The training parameters listed in Table 3 were primarily based on the default recommendations of YOLOv8 (Yaseen, 2024). To ensure stable convergence on the GWHD dataset, several key hyperparameters, such as the learning rate and batch size, were empirically adjusted through preliminary experiments. This parameter selection strategy is consistent with previous practices in similar object detection studies (Li et al., 2024b).

The baseline model and the YOLOv8-FDA were trained under the same experimental environment and parameter settings, and their loss variations during the training process are presented in Figure 10.

Figure 10

Figure 10. The training loss curves of the baseline model and the YOLOv8-FDA.

As shown in Figure 10, the larger learning rate in the early stages of training causes the loss of both models to decrease rapidly, but also leads to instability. As training progresses, the models gradually approach saturation, the learning rate decreases, and the rate of loss reduction slows down. Eventually, the models converge to a stable state. Compared to the baseline model, the YOLOv8-FDA demonstrates faster convergence and lower loss throughout the training process.

3.2 Performance measures

The experiment evaluates miss and false detection rates by comparing YOLOv8-FDA with other models under identical conditions. The evaluation primarily uses three metrics: precision, recall, and mean Average Precision calculated at a single IoU threshold of 0.5 (mAP@0.5). Precision reflects the accuracy of the model, recall reflects the sensitivity of the model, mAP reflects the average detection precision across all categories, and mAP@0.5 denotes the mean average precision when the IoU threshold is set at 0.5. As shown in Equations 14–17, the mathematical expressions for these evaluation metrics are as follows:

$\begin{array}{ll}P=\frac{TP}{TP+FP}& (14)\end{array}$

$\begin{array}{ll}R=\frac{TP}{TP+FN}& (15)\end{array}$

$\begin{array}{ll}AP={\displaystyle {\int }_0^{1}P(R)dR}& (16)\end{array}$

$\begin{array}{ll}mAP=\frac{1}{m}\sum _{i=1}^{m}AP(i)& (17)\end{array}$

In the formula, TP denotes the number of correctly predicted foreign object positive instances, which are indeed positive in the outcomes of the detection. FP represents the number of instances incorrectly predicted as foreign object positives but actually belonging to non-foreign object classes. FN represents the number of instances predicted as foreign object positives but detected as non-foreign object negatives.

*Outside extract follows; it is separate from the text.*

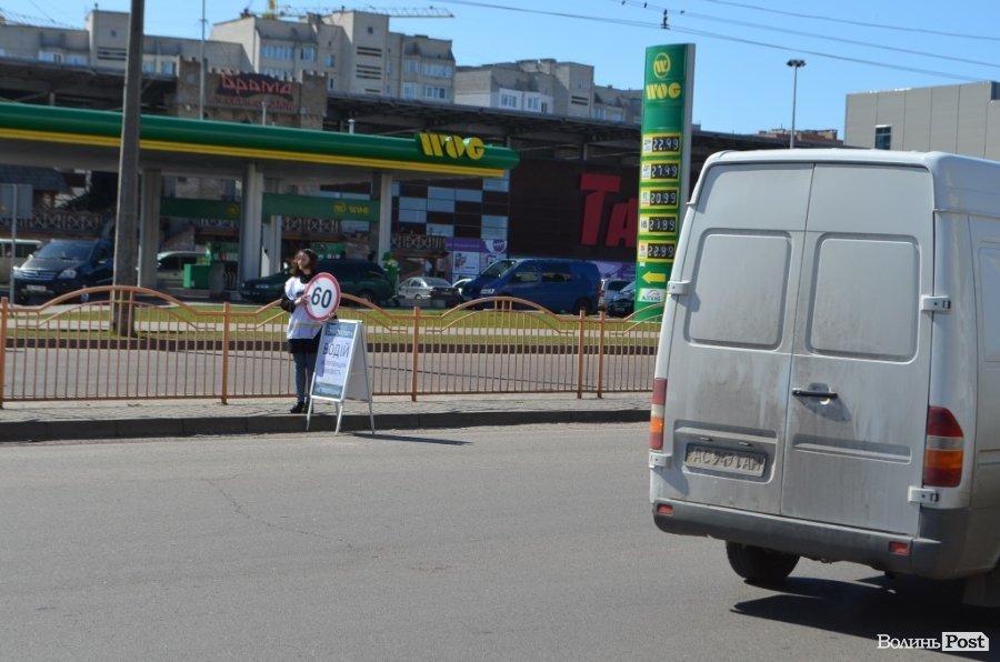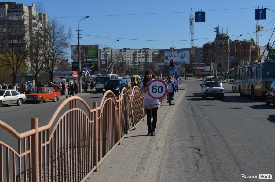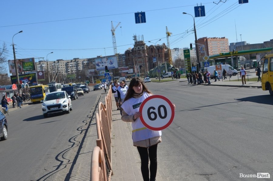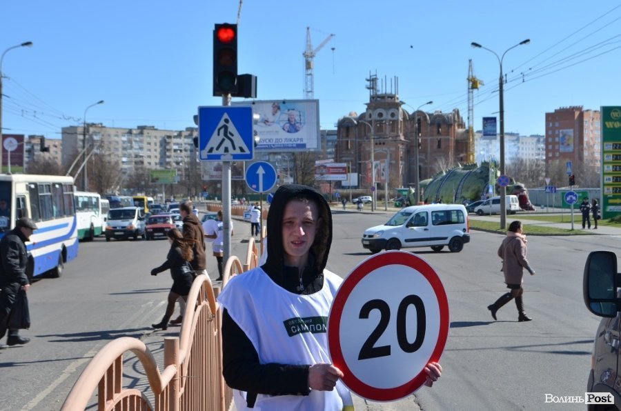 Під час акції волонтери тримали у руках знаки обмеження швидкості транспортних засобів, а також роздавали водіям інформативні листівки, коли ті стояли на світлофорі.

Additionally, this paper uses the number of parameters as the evaluation metric for the algorithm’s space complexity and the floating point operations (FLOPs) as the evaluation metric for the algorithm’s computational complexity.

3.3 Experimental validation of model components

To validate the enhancement impact of every improvement in the YOLOv8-FDA, we contrast different evaluation metrics of every enhanced model on the test set. In the experiment, each improvement is regarded as a variable to guarantee the consistency of the experimental environment and parameter settings. The outcomes of the experiment are presented in Table 4, where “✓” represents the corresponding improvement. Table 4 shows:

Table 4

Table 4. Ablation experiment results.

Table 4 shows the results of the ablation experiments, which evaluate the contribution of each individual module and their combinations to the performance of the model. The incorporation of the RFAConv module, which enhances feature representation through a receptive field attention mechanism, leads to significant performance gains. Specifically, Precision improves by 1.1%, Recall increases by 2.7%, and mAP@0.5 rises by 2.1%. This improvement comes at the cost of an increase of 0.2G in model FLOPs, indicating that RFAConv helps the model better adapt to the morphological diversity of wheat spikes, enhancing the detection accuracy for wheat ears.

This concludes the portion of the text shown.